The fixed ( default pod policy will not pull image each time) test is running on 4.9.4 build 7 : https://ocs4-jenkins-csb-odf-qe.apps.ocp-c1.prod.psi.redhat.com/job/qe-deploy-ocs-cluster/10676/ on 4.10.0 build 184: https://ocs4-jenkins-csb-odf-qe.apps.ocp-c1.prod.psi.redhat.com/job/qe-deploy-ocs-cluster/10677/ when the tests finish I'll update on the results comparison.
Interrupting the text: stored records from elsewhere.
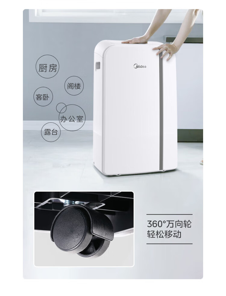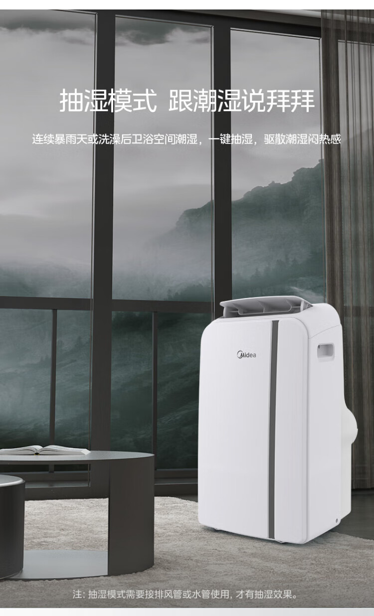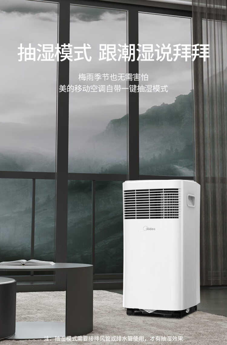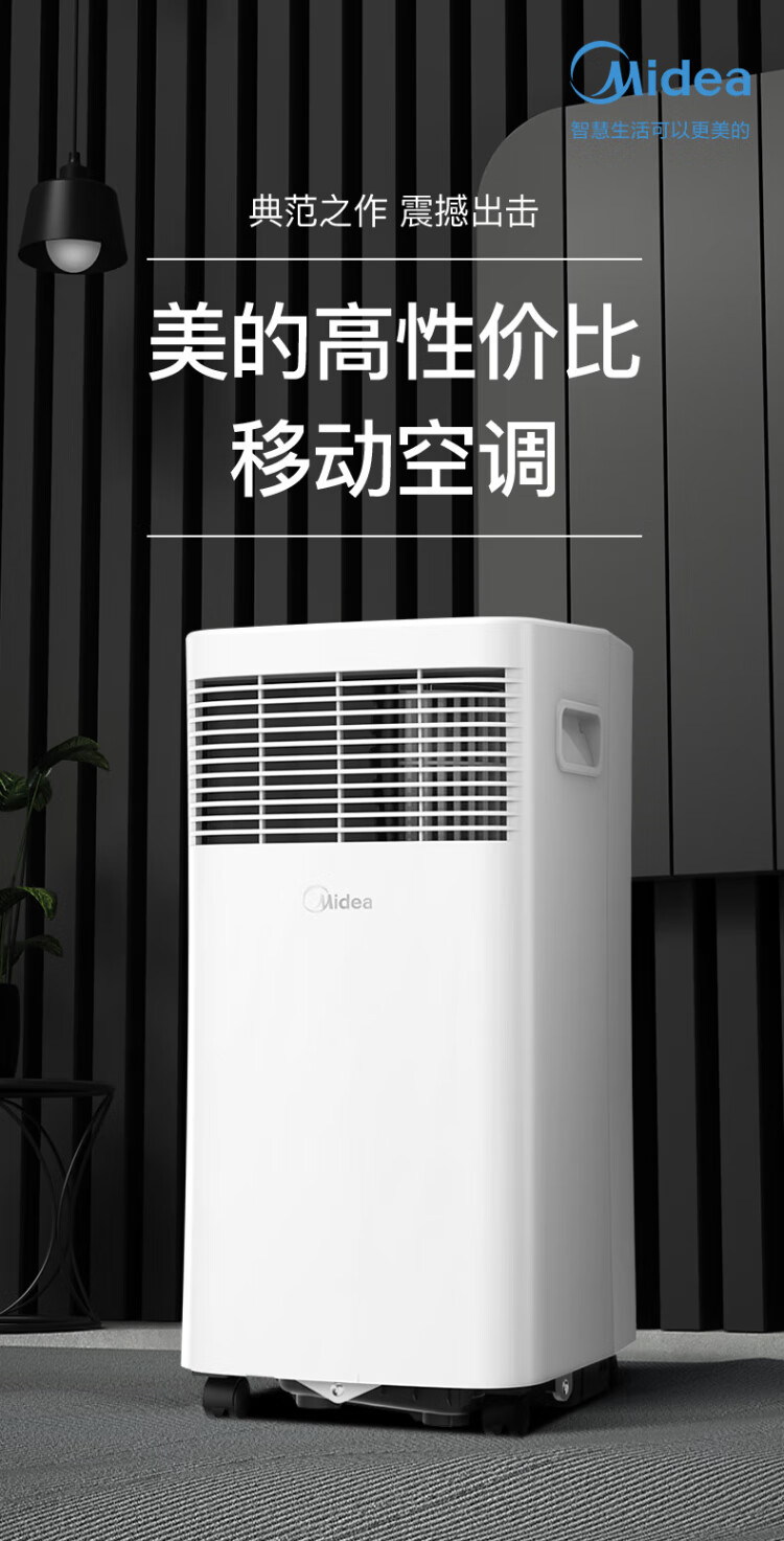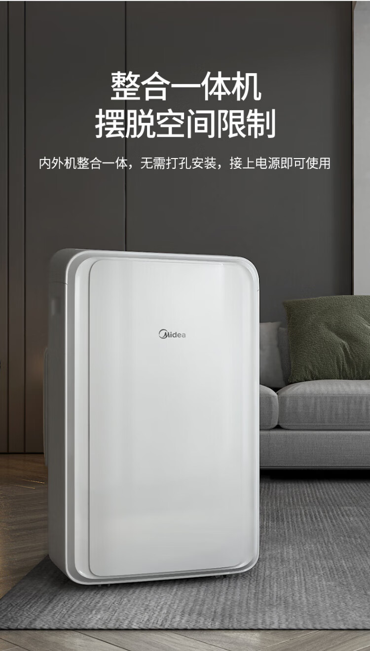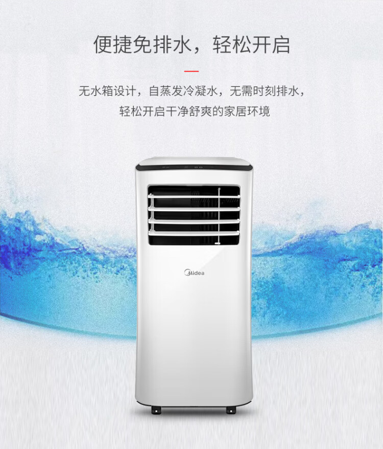 Midea mobile air conditioner all-in-one unit, single cooling, no external unit, no installation and no drainage, movable home kitchen, dormitory rental room air conditioner, convenient vertical air conditioner, 1 HP, single cooling, double pipe upgrade, suitable for 5-8
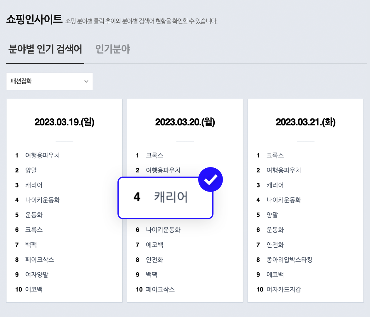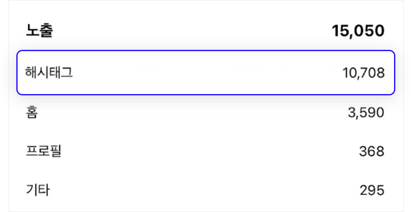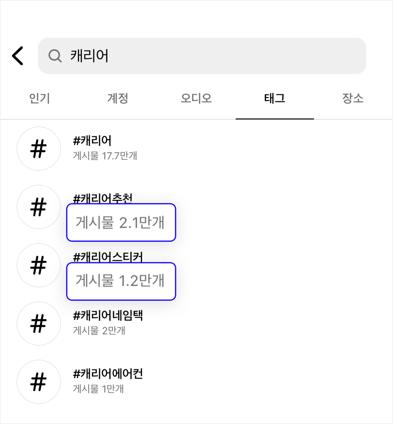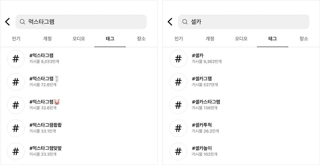 "게시물 수"를 비교하면 해시태그의 규모를 확인할 수 있습니다.
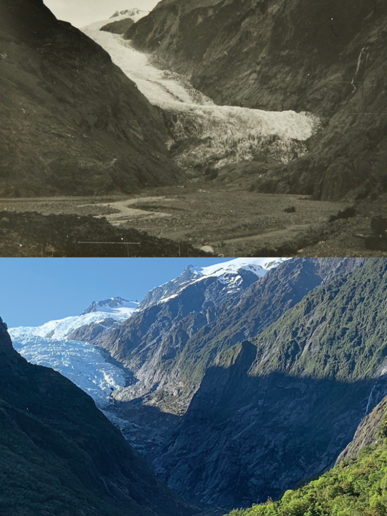 Franz Josef Glacier, 1965 (above) and 2018. The two photographs of the valley show the retreat of the glacier over time.
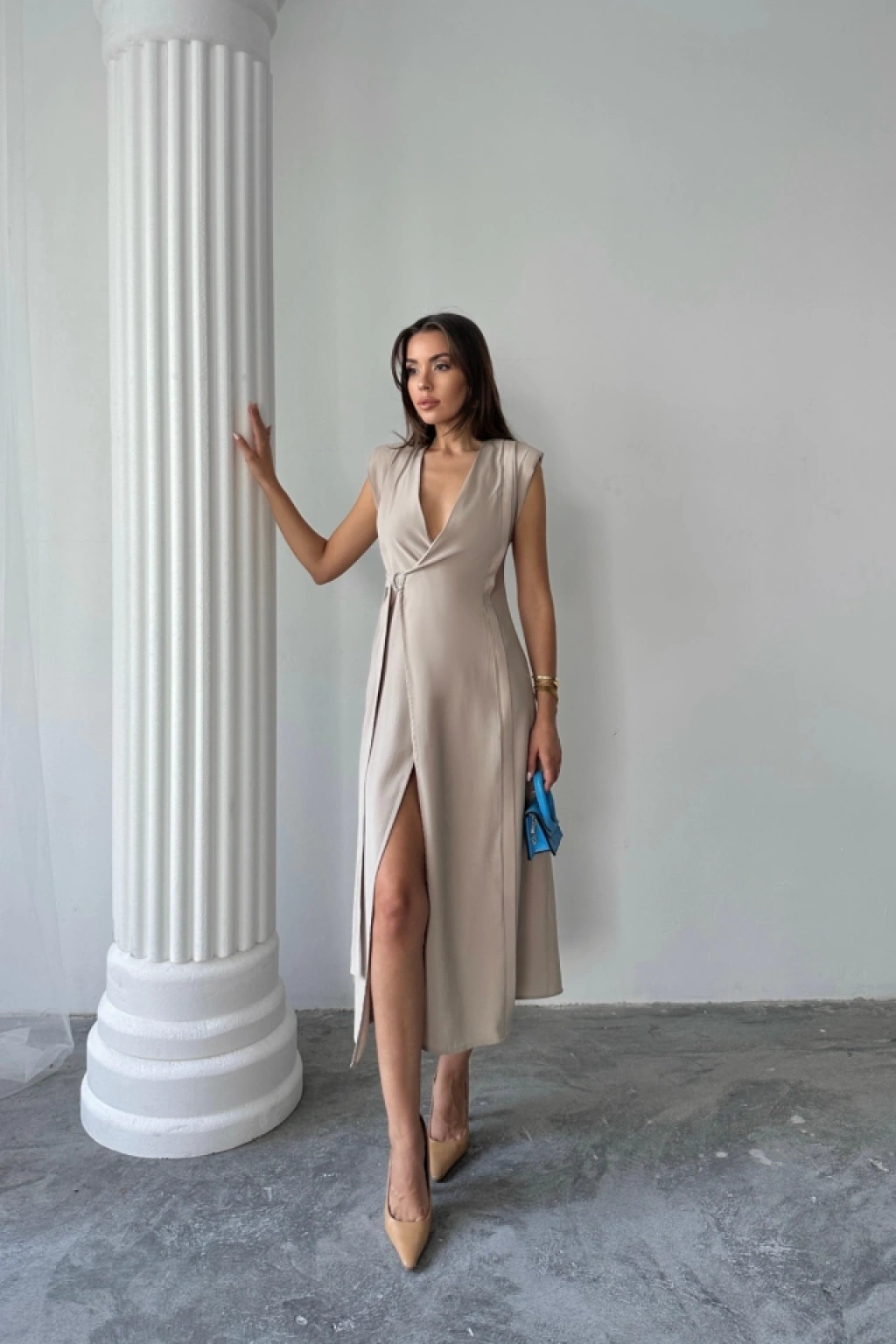 KRUVAZE VATKALI KOLSUZ ELBİSE MODAL KUMAŞ - Bej

The results of the fixed pod reattachtime tests are available at the Performance Dashboard at this link: http://ocsperf.ceph.redhat.com:8080/index.php?version1=17&build1=51&platform1=1&az_topology1=1&test_name%5B%5D=6&version2=14&build2=53&platform2=1&az_topology2=1&version3=&build3=&version4=&build4=&submit=Choose+options 4.9 Jenkins Job: https://ocs4-jenkins-csb-odf-qe.apps.ocp-c1.prod.psi.redhat.com/job/qe-deploy-ocs-cluster/10676/parameters/ 4.9 must gather: http://magna002.ceph.redhat.com/ocsci-jenkins/openshift-clusters/lr5-ypersky-9aws/lr5-ypersky-9aws_20220309T120256/logs/testcases_1646865587/ 4.10 Jenkins Job: https://ocs4-jenkins-csb-odf-qe.apps.ocp-c1.prod.psi.redhat.com/job/qe-deploy-ocs-cluster/10677/ 4.10 must gather: http://magna002.ceph.redhat.com/ocsci-jenkins/openshift-clusters/lr5-ypersky-10aws/lr5-ypersky-10aws_20220309T120401/logs/testcases_1646865624/ The measurements are the following : 4.9.4. build 7 CephFS Pod Reattach time for pod with ~850K : 308.219 sec 4.10.0 build 184 CephFS Pod Reattach time for pod with ~850K : 315.914 sec Both measures are higher than the measures taken during the previous run, but they do NOT show a degradation. Therefore I think we should close this BZ. PLease note that in general the pod reattach time measurements on 4.10 are high ( 315 seconds) if we compare it to the gp2 performance. But that's a different issue, not related to degradation in ODF and a separate BZ will be filed on that ( providing all the details).